I'd love to have this feature! Just curious — why was this PR changed to draft? Any other plans in the works?

kevssim · 2026-04-21T01:55:30Z

I'd love to have this feature! Just curious — why was this PR changed to draft? Any other plans in the works?

cause working in progress, when finished, will merge into branch main

kevssim · 2026-05-09T06:38:48Z

/gemini review

gemini-code-assist

Code Review

This pull request implements distributed training support for MultiLora, introducing helper methods for tensor sharding and updating model lifecycle methods to handle distributed contexts. The review identified critical issues where local shards are incorrectly processed as global tensors, potentially leading to corrupted weights during sharding and incomplete state dicts. Feedback emphasizes the need to gather tensors before saving or returning them to ensure compatibility with standard loaders and correct distributed behavior.

gemini-code-assist · 2026-05-09T06:40:45Z

+            return
+        value = value.detach().to(dtype=parameter.dtype)
+        if hasattr(parameter, 'device_mesh') and hasattr(parameter, 'placements'):
+            value = distribute_tensor(value.to(parameter.device), parameter.device_mesh, parameter.placements)


The use of distribute_tensor here assumes that value is a global tensor that needs to be sharded according to the device_mesh and placements. However, in several call sites (like set_state_dict and _load_initial_weights), the value passed to _write_param_tensor is derived from _read_param_tensor, which returns a local shard. Calling distribute_tensor on a local shard will incorrectly attempt to shard the shard again, leading to incorrect parameter values in distributed training.

gemini-code-assist · 2026-05-09T06:40:45Z

+                    target_tensor = self._read_param_tensor(parameter)
+                    if target_tensor is None:
+                        continue
+                    target_tensor = target_tensor.clone()
+                    src_tensor = state_dict[state_key].to(dtype=target_tensor.dtype, device=target_tensor.device)
+                    self._copy_rank_tensor(name, target_tensor, src_tensor)
+                    self._write_param_tensor(parameter, target_tensor)


There is a mismatch between local and global tensors here. target_tensor is a local shard (from _read_param_tensor), while src_tensor is a global tensor (from state_dict).

_copy_rank_tensor (line 640) will fail with a shape mismatch if the dimension being copied is sharded by FSDP (e.g., num_embeddings for embeddings or out_features for linear layers).
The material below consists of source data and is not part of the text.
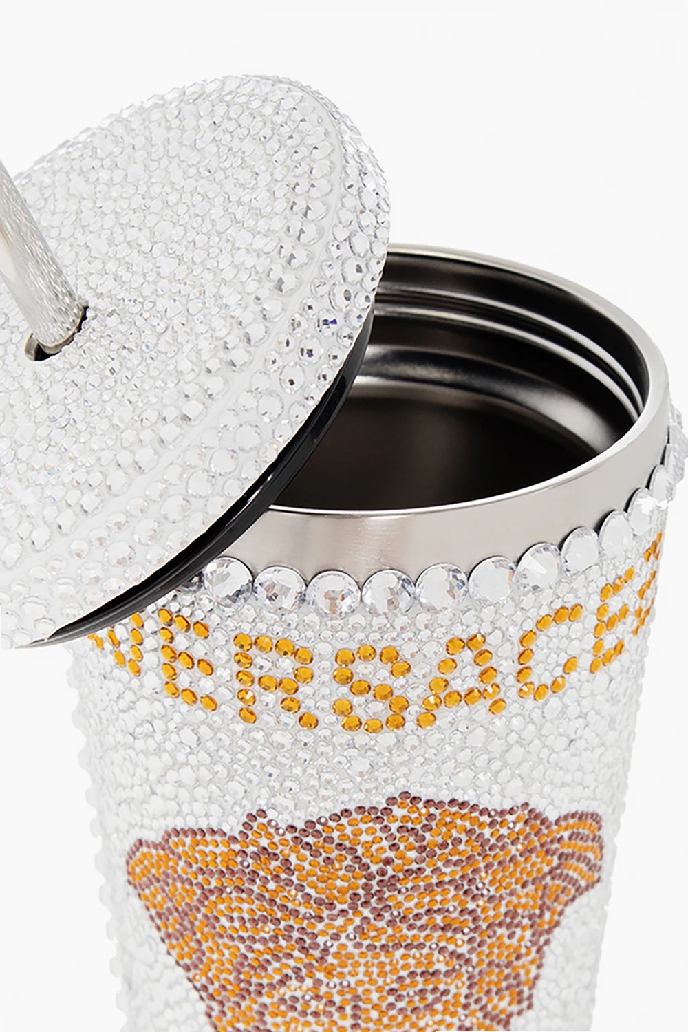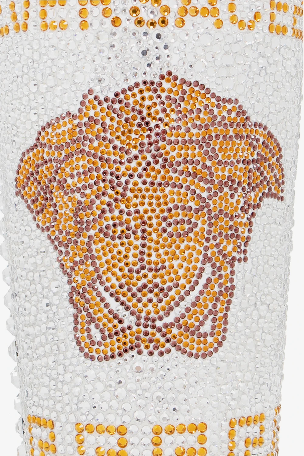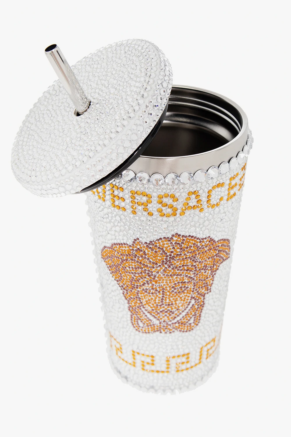 Kubek podróżny w kolorze srebrno-złotym Versace Home. Wykonany z aluminium. Całkowicie pokryty kryształkami, ozdobiony jest charakterystycznym dla marki motywem głowy Meduzy, logo oraz wzorem ’Greca’, co sprawia, że całość jest idealnym ucieleśnieniem stylu glamour. Dołączona metalowa słomka w kolorze srebrnym.
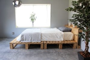 ホームセンターの木材を使い、改装した部屋に家具を設置。
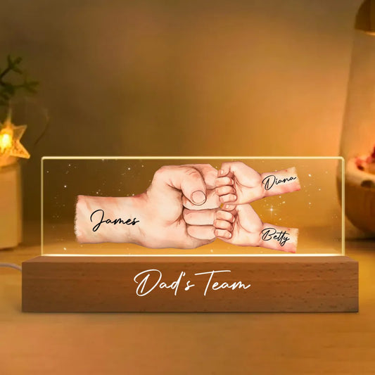 Family - Daddy's Team Fist Bump - Personalized Acrylic LED Lamp Night Light (HJ)
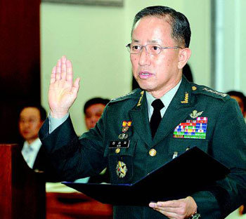 下任国防部长官提名人金泰荣18日正在國會國防委員會舉行的人事听证会上宣誓。
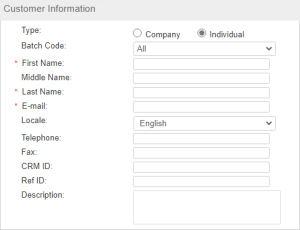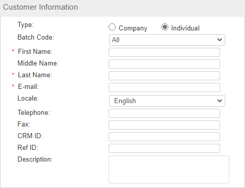 >First Name, Middle Name, and Last Name: Enter a name for the Customer. >E-mail: Enter the e-mail address of the Customer in the field. >Locale: Select the preferred language for the Customer. >Batch Code: (Optional) Associate a Batch Code with the Customer. The Customer will be available for Entitlements in the same Batch Code. >Telephone and Fax: Enter telephone and fax numbers. >CRM ID and Ref ID: Enter values for CRM ID and Ref ID if required. |
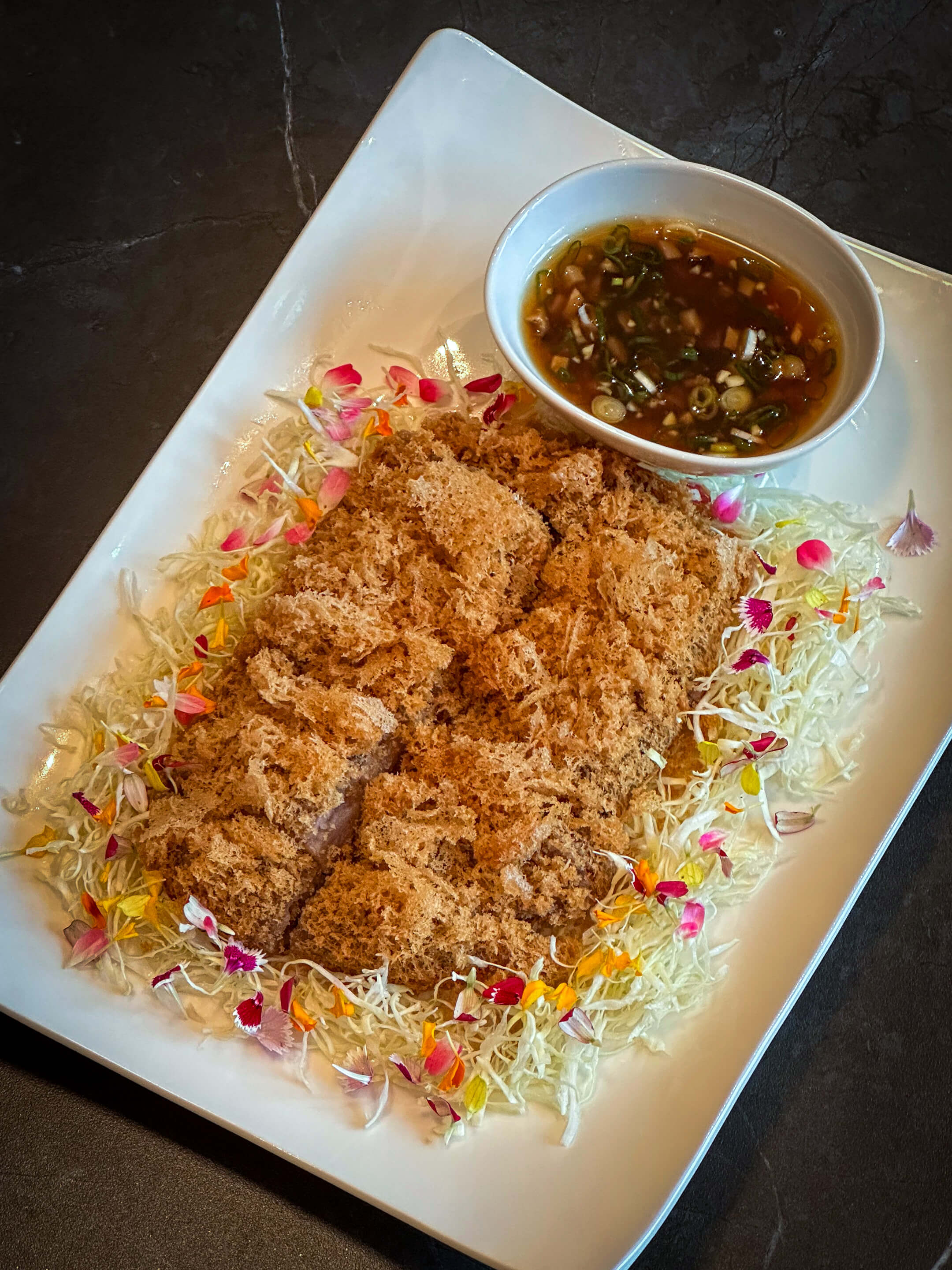 「金山芋蓉香酥鴨」是必嚐的招牌。金山的芋頭向來以綿密著稱,傳統俗諺說「九月九,風吹滿天哮;芋仔掘,稻仔割」,指的正是秋收時節芋頭的豐美。盧主廚將金山芋頭製成芋泥,搭配酥脆的烤鴨,每一口都是濃郁綿密的滿足。
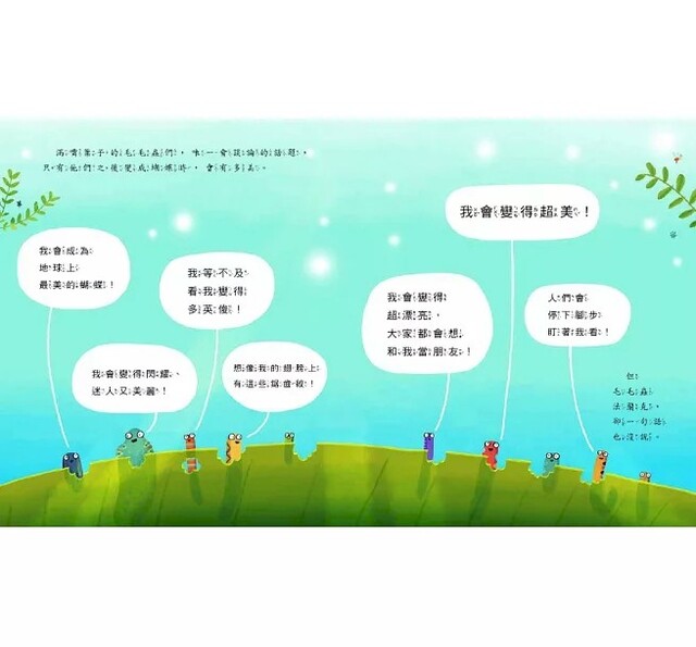 期待化蛹成蝶的毛毛蟲們,每天都在想像自己未來的美麗樣貌:有的想要漂亮的斑點,有的想要亮眼的花紋。終於,蝴蝶們脫蛹而出,卻發現自己長得跟原來的想像截然不同,他們都覺得自己不夠美……只有一隻叫法蘭克的蝴蝶,比誰都還要喜歡自己的樣子!
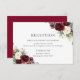 Conçue pour coordonner avec notre collection de mariages rustiques bourguignonnes, cette élégante carte de réception de mariage présente de belles aquarelles bordeaux et des fleurs d'ivoire. Personnalisez-le avec vos détails facilement et rapidement, appuyez simplement sur le bouton customiser pour réorganiser et formater le style et le placement du texte. c) Le Happy Cat Studio
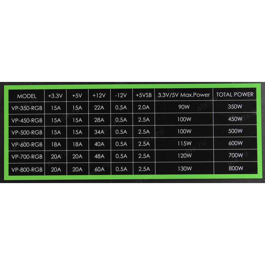 +3.3V - 15A, +5V - 15A, +12V - 34A, +5VSB - 2.5A, -12V - 0.5A; Комбинированная нагрузка: +3.3V&+5V - 100 Вт
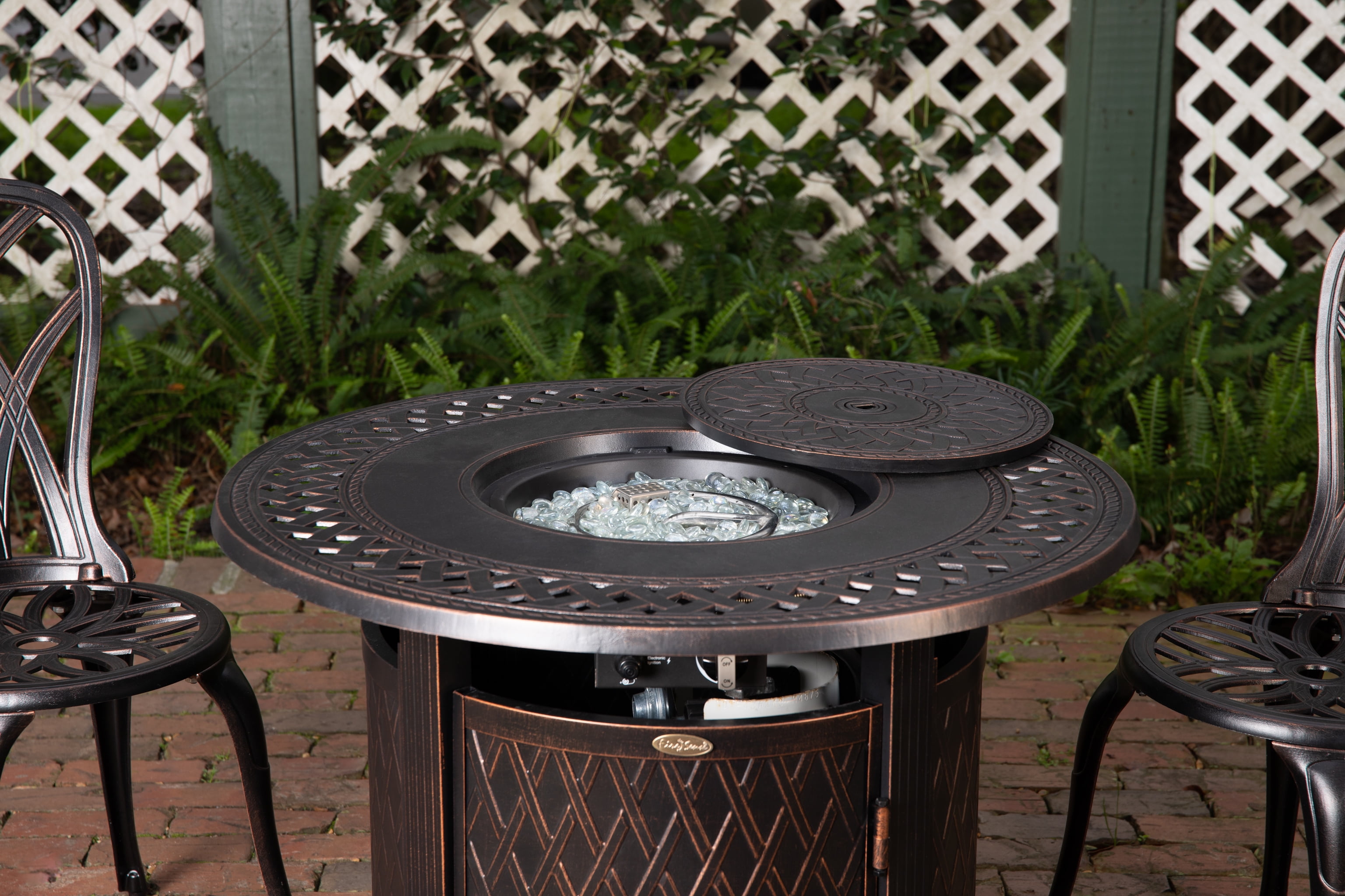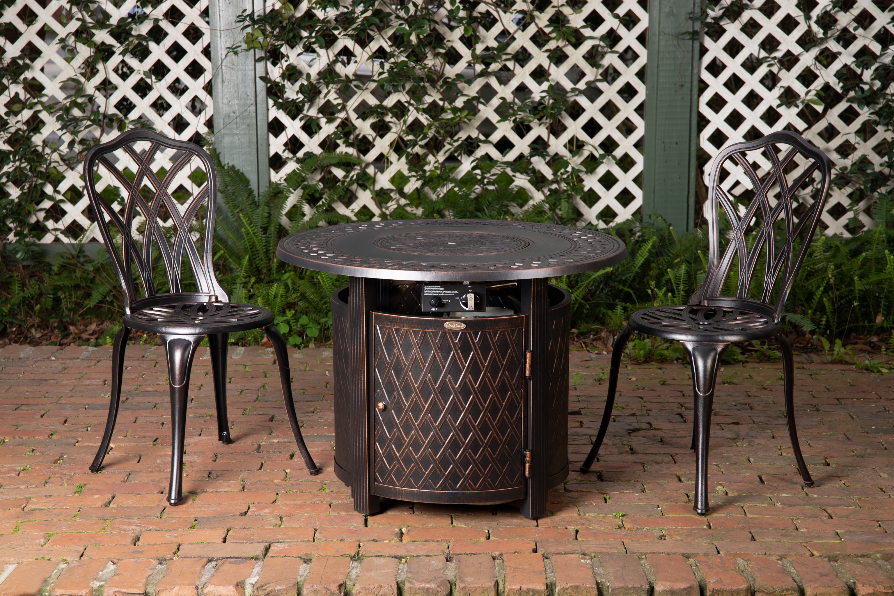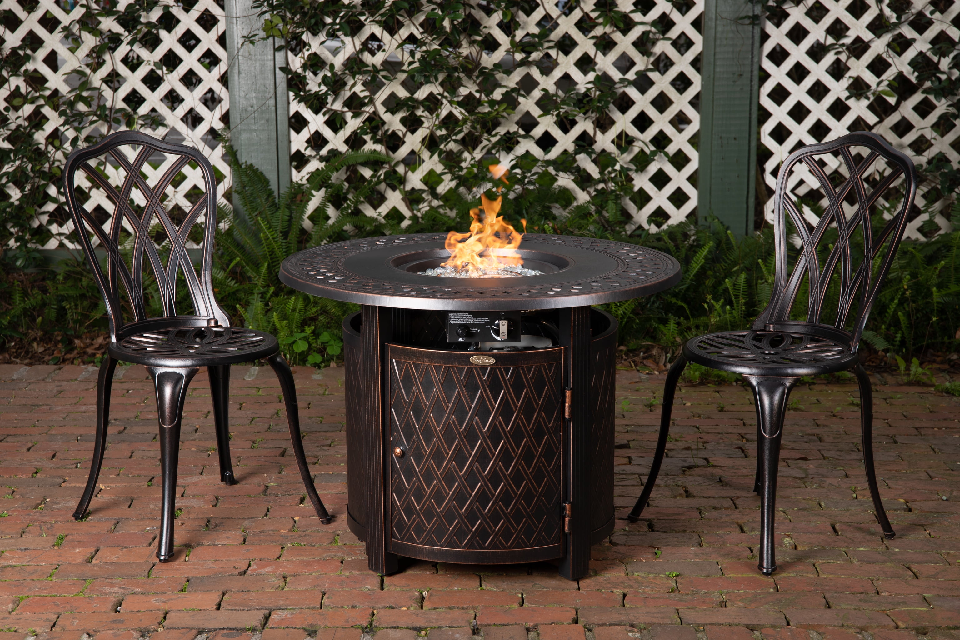 FIRE SENSE WAGNER ALUMINUM 34″ ROUND LPG FIRE PIT: The Wagner Round Aluminum Gas Fire Pit shows off a lattice-weave pattern and mocha finish compatible with classic and contemporary outdoor décor. With a practical aluminum build and an adjustable full-flame output of 37,000 BTU, this versatile and compact fire pit pulls double duty as a patio table when covered with the included fire bowl lid. PATIO CONVERTIBLE GAS FIRE PIT TABLE: Arriving with clear fire glass for a sparkling accent, just add a standard 20lb propane tank behind the handy hinged door. A weather-resistant cover for the fire pit is included for your convenience. FEATURES: 37,000 BTU output | Aluminum construction | Antique bronze finish | Stainless steel burner | Beautiful full flame | Clear fire glass included | Fire pit cover included | Convenient aluminum fire bowl lid | Uses standard 20lb LPG BBQ tank – NOT included. ASSEMBLED DIMENSIONS: 34″Dia. x 25.3″H, Weight; 47 lbs. Stated dimensions may be rounded by up to 1 inch. This outdoor heater is perfect for your porch or any other outdoor venue. The aluminum gas fire pit is very lightweight and easy to move around. IDEAL FOR OUTDOOR SPACES: This fire pit is the perfect addition to any outdoor environment. Not only can you have a small campfire in your own backyard and roast marshmallows, but also enjoy time outside during the winter.

_write_param_tensor (line 641) will then attempt to shard this local shard again as discussed in the previous comment.

To fix this, you should either shard src_tensor to match the local shard's placements before copying, or perform the copy on global tensors (on CPU) and then use _write_param_tensor to shard the result.

gemini-code-assist · 2026-05-09T06:40:45Z

+                    _param = self._slice_rank_tensor(name, self._read_param_tensor(parameter), _lora.tenant_config.r)
+                    if _param is None:
+                        continue
                    name = name.replace(f'.{_lora.adapter_name}.', '.')
                    state_dict[name] = _param


In a distributed setting with FSDP2, _read_param_tensor returns a local shard. Consequently, get_state_dict returns a dictionary of sharded tensors. Since this method is decorated with @remote_function(collect='first') in the model class, only rank 0's local shards will be returned to the caller. This results in an incomplete and unusable state dict for the LoRA adapter. You should gather the shards into a global tensor before slicing and returning them.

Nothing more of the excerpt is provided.